C# – LINQ – Full Outer Join

cfull-outer-joinlinqnetouter-join

I have a list of people's ID and their first name, and a list of people's ID and their surname. Some people don't have a first name and some don't have a surname; I'd like to do a full outer join on the two lists.

So the following lists:

ID  FirstName
--  ---------
 1  John
 2  Sue

ID  LastName
--  --------
 1  Doe
 3  Smith

Should produce:

ID  FirstName  LastName
--  ---------  --------
 1  John       Doe
 2  Sue
 3             Smith

I'm new to LINQ (so forgive me if I'm being lame) and have found quite a few solutions for 'LINQ Outer Joins' which all look quite similar, but really seem to be left outer joins.

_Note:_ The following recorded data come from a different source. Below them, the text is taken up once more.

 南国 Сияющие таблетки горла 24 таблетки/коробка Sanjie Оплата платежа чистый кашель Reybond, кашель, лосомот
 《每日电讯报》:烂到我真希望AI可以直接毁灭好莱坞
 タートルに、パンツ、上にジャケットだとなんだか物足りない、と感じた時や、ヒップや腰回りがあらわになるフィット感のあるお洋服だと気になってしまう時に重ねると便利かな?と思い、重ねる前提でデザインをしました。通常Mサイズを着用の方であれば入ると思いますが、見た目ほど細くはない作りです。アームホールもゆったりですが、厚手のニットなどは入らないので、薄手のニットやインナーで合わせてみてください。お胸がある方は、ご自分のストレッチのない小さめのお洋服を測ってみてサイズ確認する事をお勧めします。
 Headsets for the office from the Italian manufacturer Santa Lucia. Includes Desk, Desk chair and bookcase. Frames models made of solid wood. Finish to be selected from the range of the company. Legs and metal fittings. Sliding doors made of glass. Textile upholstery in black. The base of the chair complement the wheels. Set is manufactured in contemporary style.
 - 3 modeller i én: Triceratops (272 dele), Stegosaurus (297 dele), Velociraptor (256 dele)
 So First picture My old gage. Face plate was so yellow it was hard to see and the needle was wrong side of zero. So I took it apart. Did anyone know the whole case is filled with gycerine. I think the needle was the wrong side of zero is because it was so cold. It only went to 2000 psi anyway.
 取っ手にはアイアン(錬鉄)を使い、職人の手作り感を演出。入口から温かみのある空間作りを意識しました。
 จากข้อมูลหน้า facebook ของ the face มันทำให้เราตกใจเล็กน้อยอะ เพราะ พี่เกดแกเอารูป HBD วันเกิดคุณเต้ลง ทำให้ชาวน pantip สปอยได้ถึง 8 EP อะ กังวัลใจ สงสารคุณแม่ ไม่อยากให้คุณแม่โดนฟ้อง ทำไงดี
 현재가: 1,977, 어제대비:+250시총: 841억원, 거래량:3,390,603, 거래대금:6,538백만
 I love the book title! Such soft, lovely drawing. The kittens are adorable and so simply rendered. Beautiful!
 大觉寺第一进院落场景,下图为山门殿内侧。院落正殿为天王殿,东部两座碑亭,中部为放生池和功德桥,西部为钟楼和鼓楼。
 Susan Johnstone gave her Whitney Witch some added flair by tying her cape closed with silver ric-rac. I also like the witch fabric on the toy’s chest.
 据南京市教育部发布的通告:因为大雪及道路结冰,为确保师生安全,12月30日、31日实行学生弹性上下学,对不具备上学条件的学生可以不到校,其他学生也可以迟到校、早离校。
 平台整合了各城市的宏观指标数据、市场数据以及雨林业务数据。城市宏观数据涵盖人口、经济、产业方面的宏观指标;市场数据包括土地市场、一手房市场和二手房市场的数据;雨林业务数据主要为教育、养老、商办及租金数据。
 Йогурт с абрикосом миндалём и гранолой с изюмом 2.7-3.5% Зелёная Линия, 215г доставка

My attempts so far go something like this:

private void OuterJoinTest()
{
    List<FirstName> firstNames = new List<FirstName>();
    firstNames.Add(new FirstName { ID = 1, Name = "John" });
    firstNames.Add(new FirstName { ID = 2, Name = "Sue" });

    List<LastName> lastNames = new List<LastName>();
    lastNames.Add(new LastName { ID = 1, Name = "Doe" });
    lastNames.Add(new LastName { ID = 3, Name = "Smith" });

    var outerJoin = from first in firstNames
        join last in lastNames
        on first.ID equals last.ID
        into temp
        from last in temp.DefaultIfEmpty()
        select new
        {
            id = first != null ? first.ID : last.ID,
            firstname = first != null ? first.Name : string.Empty,
            surname = last != null ? last.Name : string.Empty
        };
    }
}

public class FirstName
{
    public int ID;

    public string Name;
}

public class LastName
{
    public int ID;

    public string Name;
}

But this returns:

ID  FirstName  LastName
--  ---------  --------
 1  John       Doe
 2  Sue

What am I doing wrong?

Best Answer

Update 1: providing a truly generalized extension method FullOuterJoin
Update 2: optionally accepting a custom IEqualityComparer for the key type
Update 3: this implementation has recently become part of MoreLinq - Thanks guys!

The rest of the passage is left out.